Напоследок главный гад зангиотинской командировки достал из ящика стола огромную повязку, наподобие повязки дружинника Моргунова в «Операции Ы» и с надписью «ХБП». Хбп — это спп по узбекски — хукук бузлик там какой-то, одним словом жуткое что-то. Швырнул через стол мне — Поздравляю!
Повязка та была гигантских размеров — видимо шита под Петра Первого, и когда я прикинул ее на левую руку, а именно так полагается носить гадскую повязку, то убедился, что она полностью закрывает мое предплечье.
Увидев мою проекцию повязки на щуплое плечико, Сагит заржал и сострил:
— Теплее будет зимой!
— А нет ли размером поменьше? — мой взгляд остановился на плече Сагита. Там мерцала малюсенькая — пальца в два шириной блестящая черная полоска с золотыми лаковыми буквами: РУКОВОДИТЕЛЬ.
Хм, — с некоторым нарциссизмом перехватил мой взгляд Сагит — Такую сразу хочешь? Это у нас, братка, от звания зависит — чем выше рангом, тем меньше повязка. Ты подзажги покамест с хозяйской, а там глядишь пару пачух сигарет заработаешь — у пидарасов портной есть один — Зяма — он тебе хорошую сделает, с булавкой. Отстоял смену — отстегнул.

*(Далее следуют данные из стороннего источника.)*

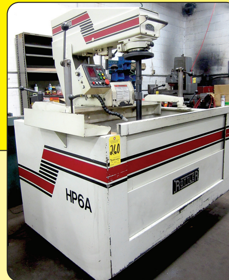
Rottler HP-6A Auto. Diamond Cylinder Hone

Inspection: Monday, December 12, 9:00 am - 5:00 pm or by appointment

На-ка вот тебе для почину.
Сагит вытянул из тумбочки белую пачку сигарет «Пайн» с фильтром, такие курили тогда только блатные и менты, да и то не все.
— А когда мне на смену выходить? Завтра?
Я вдруг с ужасом представил как буду стоять перед строем моей бригады, пыльной, серой, изъебаной ночной сменой, бригадой прядильного цеха, стоять с этой огромной повязкой-простыней и громким командным голосом призывать их выравнять строй, когда они на последних парах, голодные, будут рвать вразнобой в столовую.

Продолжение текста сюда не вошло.